● **Exercise description**
The material below should be copied line for line, please, with pictures omitted.
=== Stored data ===
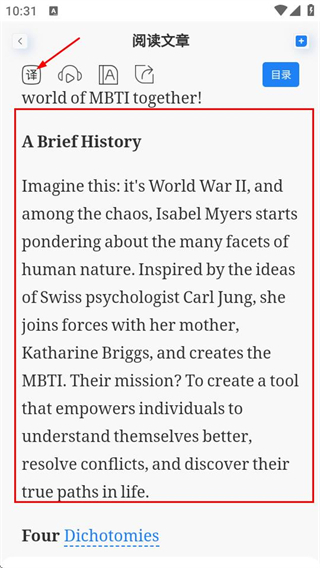 3、在文章阅读页面就能直接阅读文章,若想查看中文内容,点击左上角的翻译按钮即可。
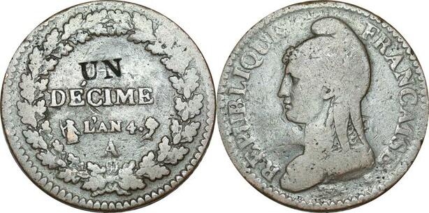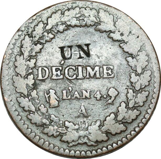 O9464 Rare France Directoire Contremarque Un Décime Dupré An 4 A Paris ->Make offer
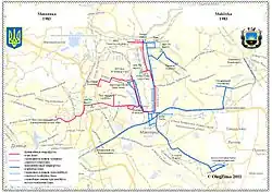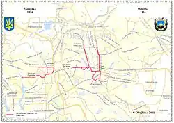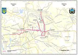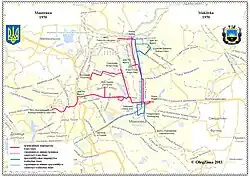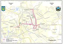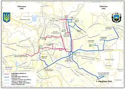 - 2: Makiejewka (centrum) − Makiejewka (centrum) (linia okólna, kursująca po pętli w centrum miasta)
===
● **Answer box**
 3、在文章阅读页面就能直接阅读文章,若想查看中文内容,点击左上角的翻译按钮即可。
 O9464 Rare France Directoire Contremarque Un Décime Dupré An 4 A Paris ->Make offer
 - 2: Makiejewka (centrum) − Makiejewka (centrum) (linia okólna, kursująca po pętli w centrum miasta)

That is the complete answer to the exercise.